Tuesday, 2 September 2014

In Ireland, you still don’t have to pay your mortgage

The Waterways, an empty and unsold housing development, is pictured in the village of Keshcarrigan, County Leitrim January 28, 2012. During the economic boom, Irish developers attempted to cash in, building tens of thousands of houses. However, poor planning decisions and the global recession have resulted in a large number of estates being abandoned, unoccupied or unfinished. Picture taken January 28, 2012. REUTERS/Cathal McNaughton (IRELAND - Tags: BUSINESS CONSTRUCTION SOCIETY REAL ESTATE TPX IMAGES OF THE DAY)

Ireland’s economy seems to be getting back onto its feet. After a fourth-quarter contraction, GDP grew at a 2.7% clip in the first quarter. Home prices are rising again.

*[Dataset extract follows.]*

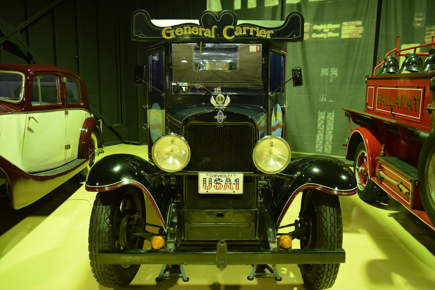 車両の側面には「Holloway General Carrier Ballarat」という文字が記されており、これはオーストラリア・ビクトリア州の都市「バララット(Ballarat)」で実際に使用されていた業務用車両であることを示唆しています。ナンバープレートの「USA-1」はアメリカ製であることを強調する演出であり、オリジナル性の高さを示します。

And unemployment continues to decline steadily, though it remains higher than 11%.


And yet Ireland hasn’t come close to sorting out the housing woes that brought down its banking system and, in 2010, sent the country in search of a financial rescue package from its European neighbors. The latest sign of this: the number of people in owner-occupied homes who are more than two years behind on mortgage payments is still on the rise.


In the second quarter, the number of homeowners in this bucket climbed 5% from the first quarter, to 37,066. In a small country like Ireland, that amounts to 5% of all mortgages on owner-occupied houses. (By value, the share of mortgages two years behind on payments is even bigger, at 7.5% of the total.)


 



Now it should be said that arrears overall—including short- and long-term delinquencies—are starting to decline slightly: 16.5% of all mortgages on principal residences in Ireland were in arrears in the second quarter, down from 17.3% in the previous quarter. But that’s still insanely high by international standards. Consider that a few months back, Fitch Ratings forecast that mortgage bonds from Spain—which is in an even worse economic situation than Ireland—would end the year with roughly 3.4% of loans more than 90 days in arrears. For Ireland, the same number was about 19%.


Why the giant gap? As we’ve written before, for deep-seated historical reasons, repossessions and evictions remain anathema in Ireland. They almost never happen. And that’s why why mortgage payments remain, for the moment, pretty much optional.